Whether we are speaking about openness in terms of our participation in relationships with others or referring to an internal willingness to renounce preconceptions as we reflect on new information - we can greatly benefit from this attitude.
Peter Senge in The Fifth Discipline has observed:
"Nothing undermines openness more surely than certainty. Once we feel as if we have 'the answer' all motivation to question our thinking disappears. But the discipline of systems thinking shows that there simply is 'no right answer' when dealing with complexity.
"It is most accurate to think of openness as a characteristic of relationships [rather than] individuals... openness emerges when two or more individuals become willing to suspend their certainty in each other's presence. They become willing to share their thinking and susceptible to having their thinking influenced by one another."

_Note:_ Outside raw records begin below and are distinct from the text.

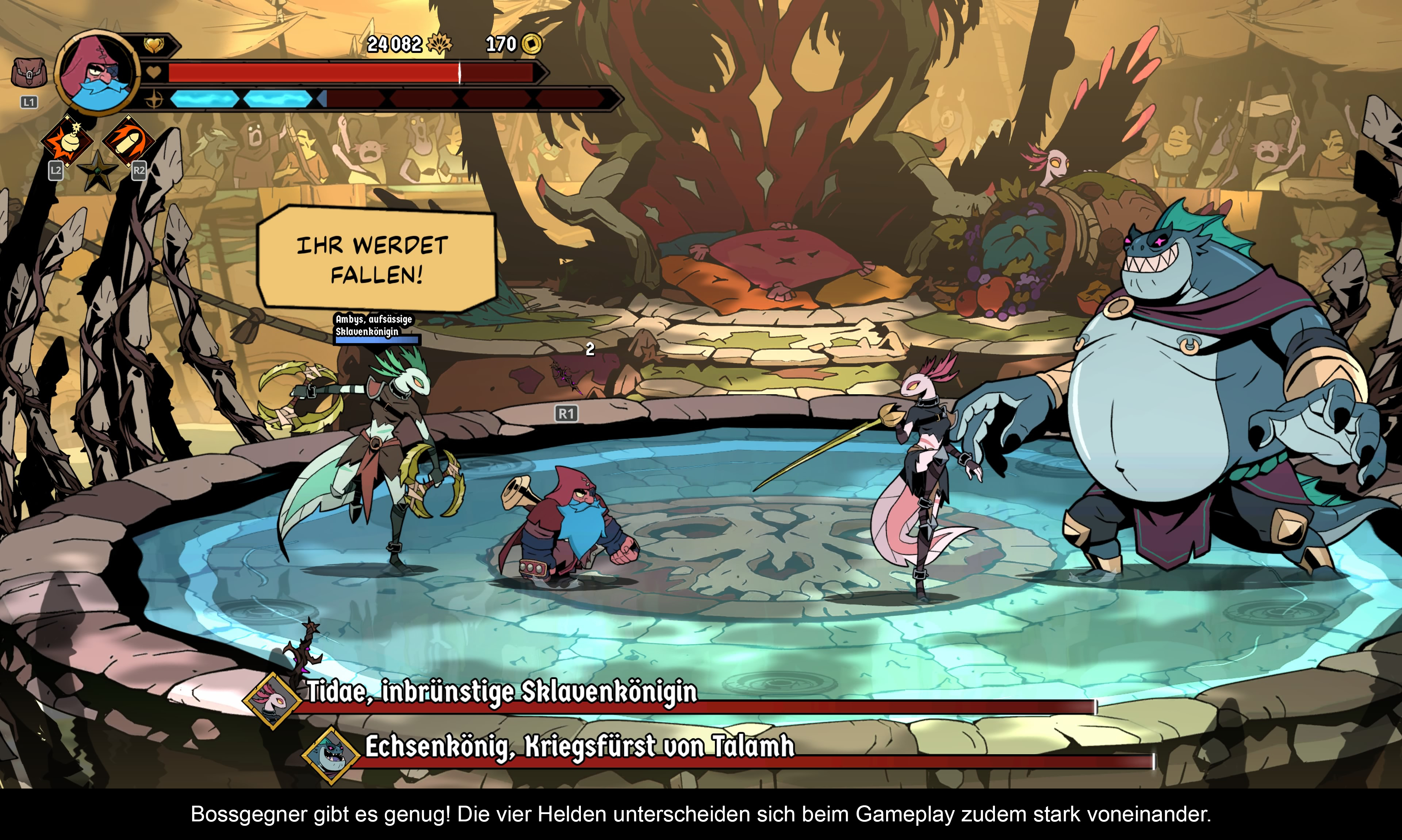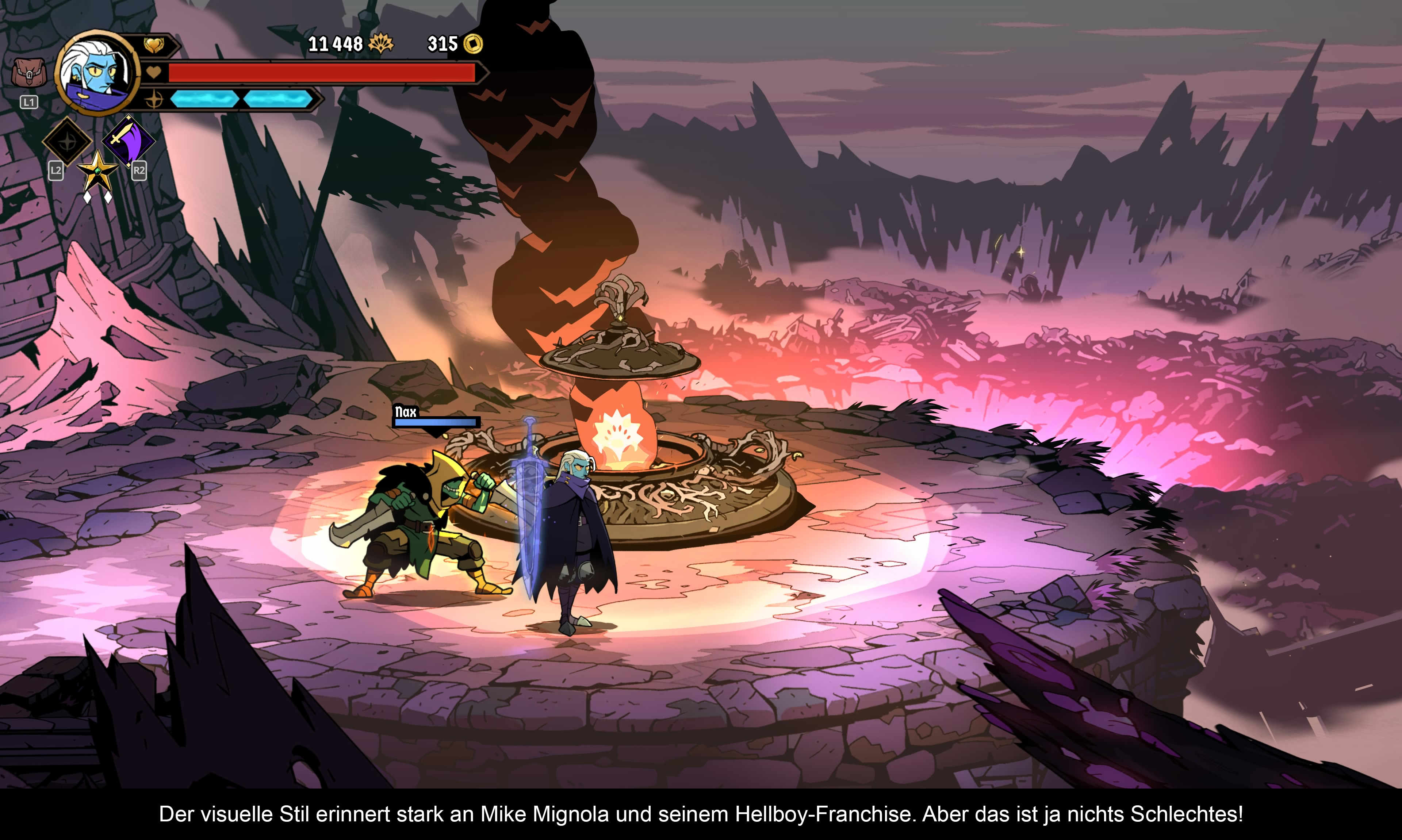 „Absolum“ wartet mit einem gelungenen, düsteren Cartoon-Stil auf. Mein erster Gedanke war: Das müssen Fans von Mike Mignolas „Hellboy“ sein. Denn die Gestaltung, die Farben und die Ästhetik sind eine regelrechte Verbeugung vor dem Indie-Comic-Meister! Aber auch sonst passen sie zur düsteren Geschichte und bieten dennoch reichlich Abwechslung. Die englische Sprachausgabe fügt sich ebenfalls toll in das Geschehen ein, und die Musik – mal melancholisch, mal aggressiv – passt jederzeit zur Bildschirm-Action. Das liegt auch daran, dass man eine ganze Reihe bekannter Komponisten wie Gareth Coker, Mick Gordon und Yuka Kitamura verpflichtet hat. Die deutschen Texte sind optimal lesbar und es gibt keine Schnitzer in der Qualität der Übersetzung. Obwohl es sich bei „Absolum“ um ein 2D-Abenteuer handelt, gibt es keine wirklich scrollenden Levels; vielmehr springt man von einem Bildschirm zum nächsten. Das tut dem Spielspaß jedoch keinen Abbruch, da Ladezeiten quasi nicht vorhanden sind und die Action jederzeit flüssig bleibt. Ruckler oder Tearing sucht man ebenso vergebens wie PSSR-Artefakte. Einzig die animierten Zwischensequenzen hätten eine höhere Bitrate vertragen können.
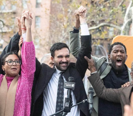 사실상 무명에 가까웠던 정치 신인 맘다니 후보는 지난 6월 민주당 뉴욕시장 후보 경선에서 정계 거물인 쿠오모 전 주지사를 꺾으면서 돌풍을 몰고 왔다. 주택상담사, 래퍼 등 독특한 이력과 더불어 고물가에 시달리는 뉴욕 서민층의 생활 형편을 개선하겠다고 내건 공약이 주목받았다. 버니 샌더스 상원의원(무소속·버몬트), 알렉산드리아 오카시오코르테스 하원의원(민주·뉴욕) 등 진보 진영의 전폭적인 지지를 받았다. 지난 대선에 민주당 후보로 출마했던 카멀라 해리스 전 부통령도 지난 9월 맘다니 후보에 지지 입장을 표했다.
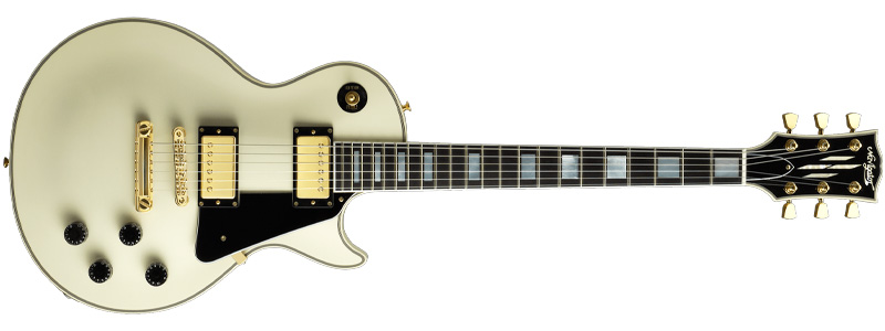 Navigatorのレスポール・タイプのビンテージホワイト。ピックアップやコントロールノブなどがカスタムされている。
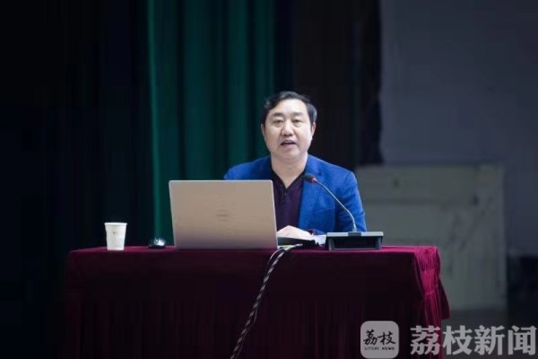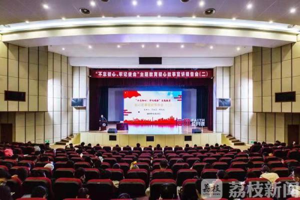 为深入推进“不忘初心、牢记使命”主题教育,教育广大师生从身边人身边事身边典型中感悟党性正能量,南信大邀请淮安市淮安区作家协会主席于兆文、淮安市复兴镇大李村小学校长周文礼两位老师,为师生作初心报告会。作家于兆文是长篇报告文学《天路淮军》作者之一,周文礼校长是长眠在天山脚下的周文飞烈士的弟弟。

Clearly, fear has many disguises; one we can recognize is the wish to control others; another can be identified as "the demand for certainty." As Pema Chodron observes:
"To me, the point where people get stuck is exactly here. They have so little trust in their ability to rest with negativity and uncertainty that whenever they detect a hint of paradox or not knowing, they become afraid and do all kinds of conformist, fundamentalist things to become secure again.
"It takes a lot of bravery even to consider that uncertainty is not a threat--The future is uncertain... but such uncertainty lies at the very heart of human creativity."
Complexity
Today, just as we need the paradigm of systems thinking, we need a paradigm that addresses complexity because we are becoming overwhelmed by the interrelationships of phenomena.